Global seat capacity

The article points out that amid rising demand, airlines continue to grapple with higher fuel and labor expenses that are hampering their ability to rebound to full capacity. American Airlines and other major U.S. carriers limited flying this year to confront cost increases, ongoing flight disruptions, air traffic congestion and economic volatility, which combined have restricted their ability to take full advantage of improving travel demand.

In July, American Airlines reported its expected flight capacity to be down 9.5% for the year from pre-pandemic levels. Similarly, United limited flying to 13% below pre-pandemic levels for the year and cut its growth expectations for 2023. Delta is also curtailing capacity for the remainder of the year, with its third-quarter capacity to decrease as much as 17% from 2019.

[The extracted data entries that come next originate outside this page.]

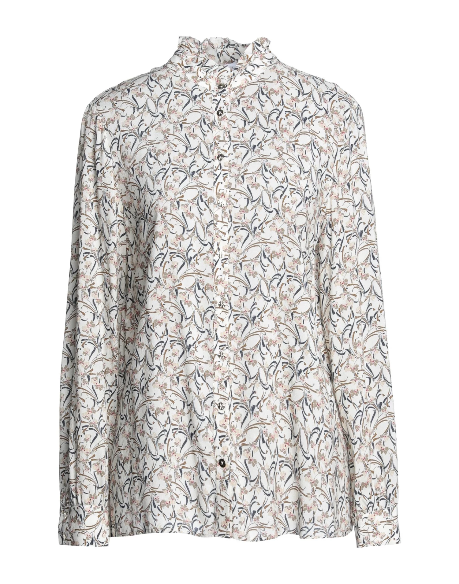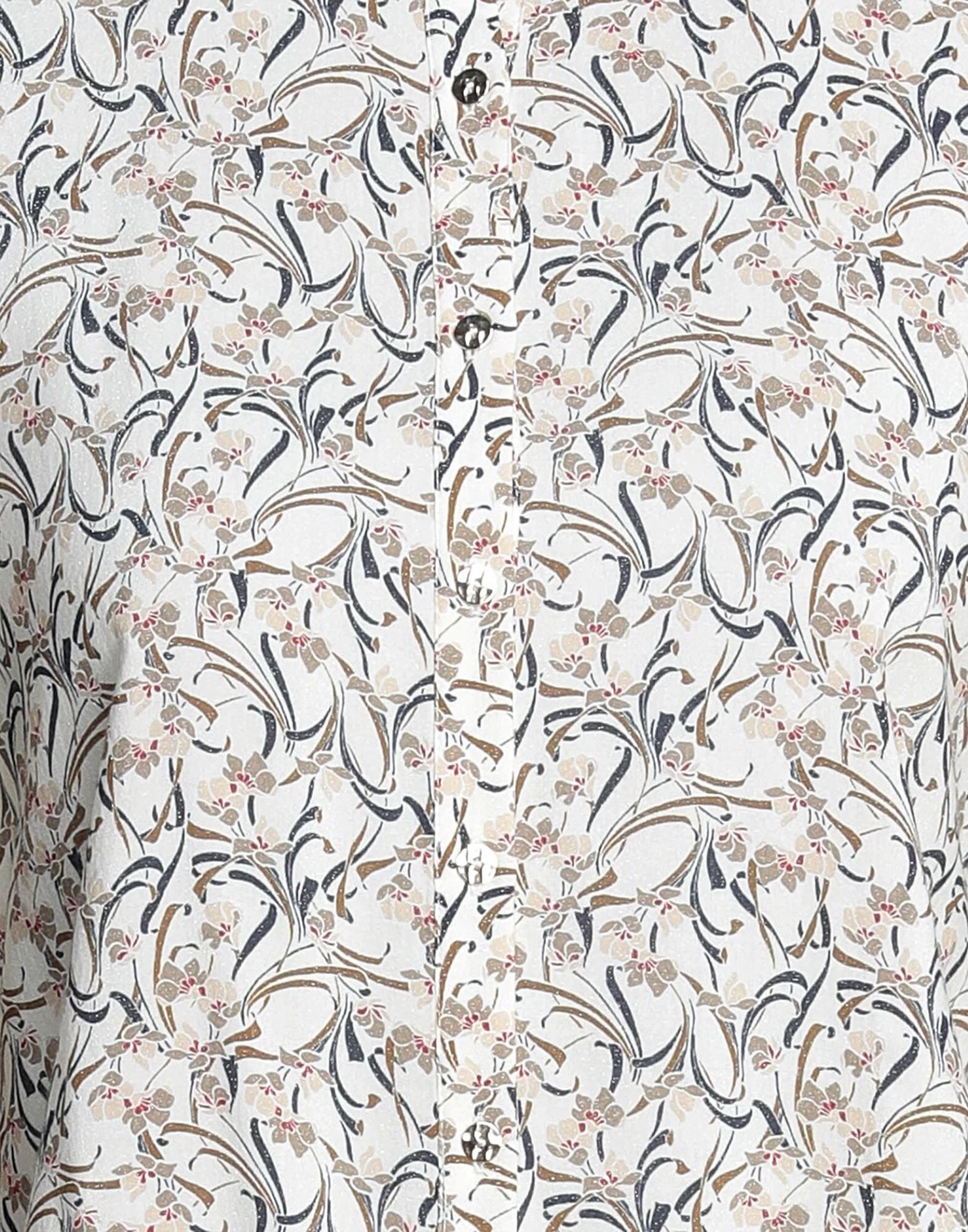 plain weave, lamé, no appliqués, floral design, mandarin collar, long sleeves, button closing, no pockets
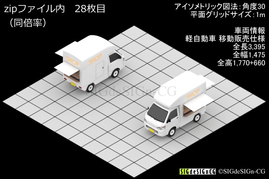 ギャラリーショップ詳細をみる アイソメトリック図法を用いた、PNG透過マップ仕様の、 軽トラックベースの移動販売車です。 キッチンカーなどでお馴染みのものです。 このセットでは、何のお.. » more
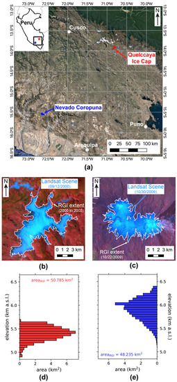 Setting of (a,b,d) the Quelccaya Ice Cap and (a,c,e) Nevado Coropuna within (a) southern Peru, (b,c) false-color composite (SWIR2-NIR-Green) Landsat images of the two ice masses overlayed with their extents in the Randolph Glacier Inventory (RGI), and (d,e) area-elevation distributions of the two ice masses from the RGI.
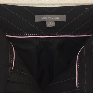 A classically-tailored pant with beautiful drape from Ann Taylor. Very subtle pinkish-lavender pinstripe adds a nice detail. Signature fit (sits just below natural waist and relaxed through hip & thigh). Size: 6. Color: Black with pinkish-lavender pinstripe. Excellent condition.
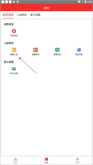 1、进入软件后在服务界面点击“我要入会”。
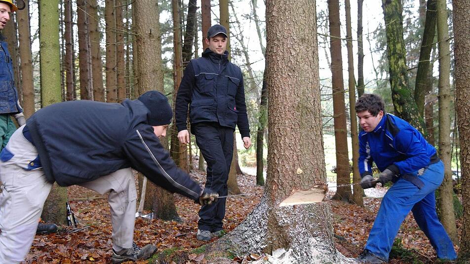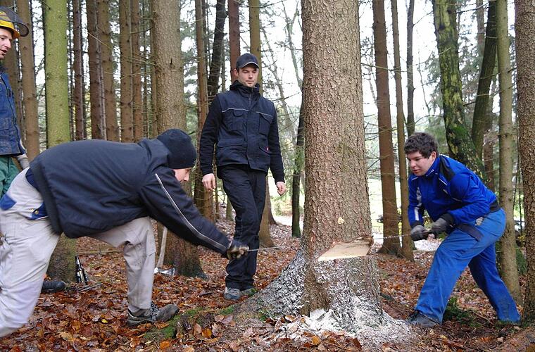 Besonders viele Kriterien musste sie auch nicht erfüllen. "Strack muss sie ein", erklärte ein Kirmesbursch, wobei strack vor allem gerade bedeutet. "Und sollte nach was aussehen", ergänzte Simon Möller. Der 16-Jährige war heuer zum ersten Mal direkt dabei. Seit seiner Kindheit hatte er immer hinter den Kirmespaaren gestanden. Fest anpacken musste er auch gleich, denn ein Baum mit einem Viertel Meter Durchmesser fällt sich nicht von selbst. Das geschieht in Kothen traditionsgemäß mit der Handsäge.
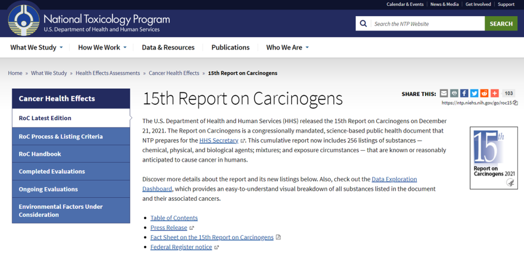 12月21日,美国卫生及公共服务部发布了最新版——第15版致癌物报告,新增了8种致癌物。在最新报告中,幽门螺杆菌被列为明确致癌物,而用作阻燃剂和自来水消毒的六种卤代乙酸(HAA)物质被列为合理怀疑的人类致癌物。
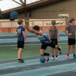 Bei der nächsten Wurfdisziplin, dem 3 Kilogramm Medizinball schocken, überraschte er mit der zweitbesten Weite von 9,20 Meter in seiner Gruppe, insbesondere sich selbst.
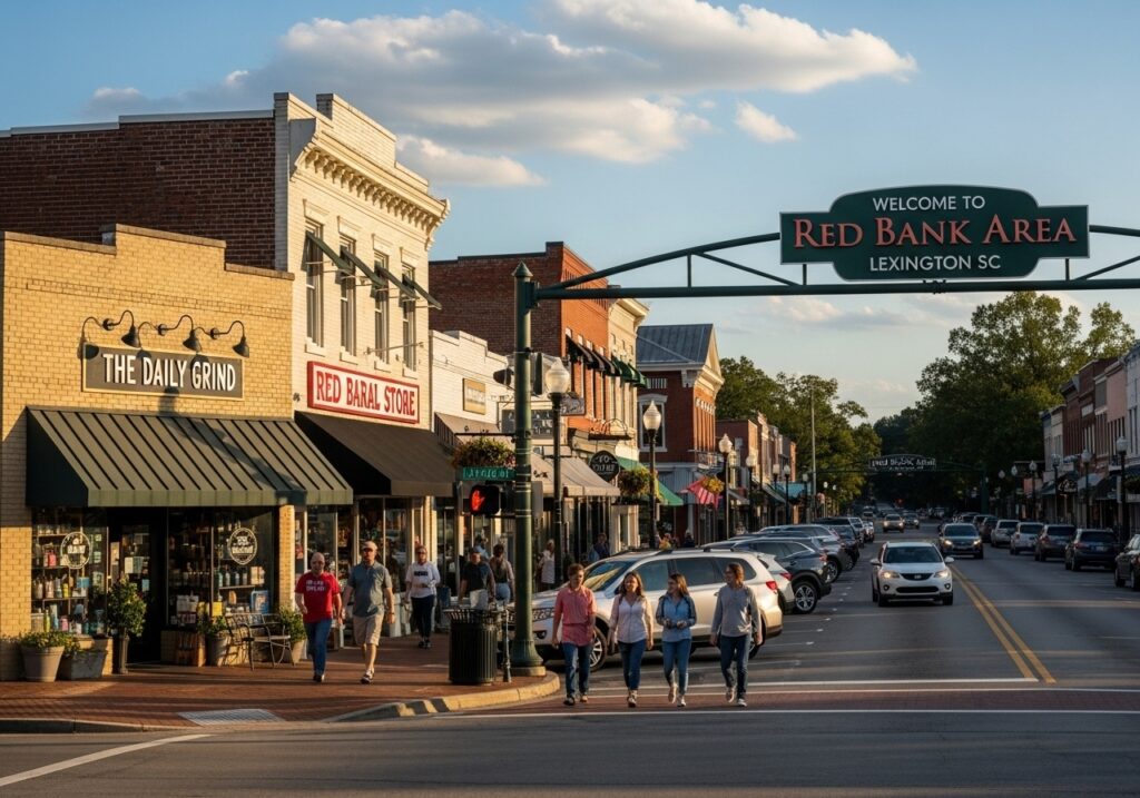 The Red Bank Area, located in southern Lexington, SC, is a rapidly growing suburban zone offering affordable family-friendly neighborhoods with amenities like pools and trails, convenient to Columbia commutes via major highways.

Russia-Ukraine War compounds global supply chain disruption

The Gordon Brothers article adds that the Russia-Ukraine war continues to affect the global supply chain by obstructing the flow of goods and driving dramatic cost increases for a range of commodities, including oil.

Trade war disruptions in 2018 and 2019 escalated during the Pandemic and were compounded by Russia’s invasion of Ukraine. Ensuing trade sanctions and other obstacles have obstructed logistics and trade route operations. Approximately 600,000 businesses worldwide rely on suppliers from Russia and Ukraine, with over 90% based in the US.

The aerospace and defence industry’s complex yet fragmented supply chain consists of over 1,000 small- and medium-sized suppliers serving an extremely limited number of major OEMs, which causes difficulties and can result in various cost overruns for manufacturers.

Supply shortages stemming from the pandemic and compounded by the Russia-Ukraine war have upended the global marketplace, impeded supply chains and increased time costs as manufacturers wait for delayed parts to arrive. This has made it more difficult for companies to keep up with demand and resulted in a struggle to meet production needs.

Emerging technologies expected to grow through mergers and acquisitions

The article points out that the aerospace and defence industry experienced significant merger and acquisition (M&A) activity in 2021 with overall deal volume increasing more than 26% over 2020. 2022 M&A activity has cantered among smaller defence companies with megamergers unlikely as government approval for a merger of two already highly concentrated OEMs is improbable.

Additionally, increases in defence spending and fewer available large military contracts have increased M&A activity. This could result in some subsegments not having enough contracts for the same product lines and potentially lead operators to leave certain fields or acquire companies to diversify and break into the civil sector or other defence segments.

The article adds that although industry analysts expect continued consolidation among supplier and defence contractors, smaller operators may enter the market to fill niche positions in the supply chain. As a result, experts project the number of companies engaged in aircraft, engine and parts manufacturing to increase at an annualized rate of 3.3% through 2027.

Airports came to a standstill during Covid
Photo By: Canva

Valuation considerations

Forecasts indicate the aircraft, engine and parts manufacturing industry revenue in the U.S. will increase at an annualized rate of 2.5% to over $238.8 billion through 2027 because of the increase in military hardware exports and an anticipated short-term increase in the defence budget.

The article points out that additionally, industry experts anticipate defence sector growth as the production of aircrafts, such as the F-35, begin to ramp up. However, even with the increased demand for commercial aircraft and the defence market picking up, profit for the industry will most likely remain constrained because of volatile purchase costs. Rising inflation, interest rates, and environmental and government regulations for fuel efficiency have the potential to negatively affect the industry over the next several years.

In the short term, Gordon Brothers recommends monitoring costs as any deterioration in margin would have a negative effect on appraisal values. In the long-term, our firm recommends monitoring inventory levels, specifically slower moving inventory, as an accumulation can occur over time rendering the inventory undesirable or obsolete.